Hedley is the debut studio album recorded by Canadian rock band Hedley, released in Canada on September 6, 2005, through Universal Music Canada. The album reached the top 3 on the Canadian Albums Chart and has been certified double platinum by Music Canada. It garnered a nomination for Rock Album of the Year at the 2006 Juno Awards.

Six tracks were released as singles: "On My Own", "Villain", "Trip", "321", "Gunnin'", and "Street Fight". The music videos for all of these songs, except "Villain" and "Street Fight", reached #1 on the MuchMusic countdown.

Following Hedley signing a US record deal with Capitol Records in the summer of 2006, the album was released in the US on September 26, 2006. In Canada, a "Platinum edition" of the album was released on November 21, 2006, with four bonus tracks and the updated album cover.

Seven of the songs are featured on the 2009 US version of their next album Famous Last Words, released under the title Never Too Late.

Singles
"On My Own" is the first single released from the album on July 18, 2005. The music video premiered on MuchMusic on August 2. The song peaked at number one on the Canadian Singles Chart and earned a nomination for "Best Rock Video" at the MuchMusic Video Awards in 2006. 

"Villain" was released on July 26, 2005 as the second single. The song peaked at number 18 on the Canada Rock chart.

"Trip" was released on October 4, 2005 as the third single. The song peaked at number 11 on the Canadian Singles Chart and won a Juno Award in 2007 for "Producer of the Year". 

"321" is the fourth single released on March 14, 2006. The song peaked at number 21 on the Canada CHR/Top 30.

"Gunnin'" was released on September 12, 2006 as the fifth single. The song won two MuchMusic Video Awards in 2007 for "Best Pop Video of the Year" and "Best Post-Production of the Year".

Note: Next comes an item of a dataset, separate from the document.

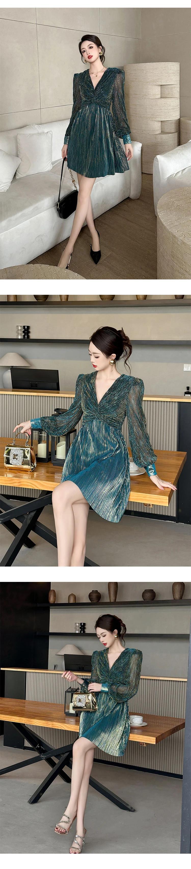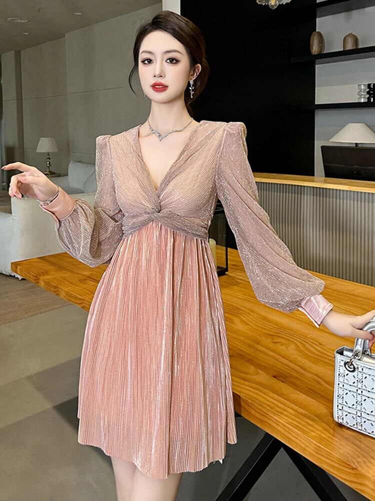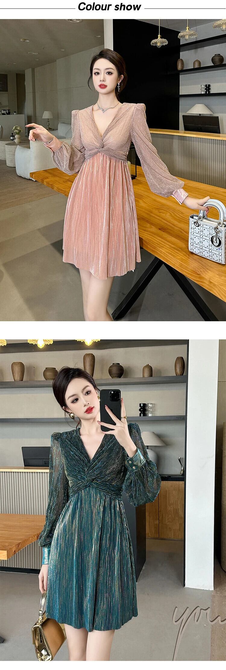 休暇光沢ある明るいイブニングドレススウィートシックセクシー V ネックひだスリムショートパーティードレス Vestidos フィエスタ 大人ガーリー キュート カジュアル Vネック シルク

"Street Fight" was released on December 2006 as the sixth and final single from the album.

Critical reception

Corey Apar of AllMusic rated the album two stars out of five and described it as "competent though largely uninteresting." In particular, he criticized the lyrics and the lack of engagement ("Even the... standout tracks... aren't that memorable," writes Apar, "taking a couple spins to really grab listeners at all.") Starpulse gave the album one-and-a-half stars out of five.

Despite the album receiving negative reviews, it was nominated at the 2006 Juno Awards for "Rock Album of the Year". In 2007, it was nominated for "Album of the Year" at the Juno Awards. 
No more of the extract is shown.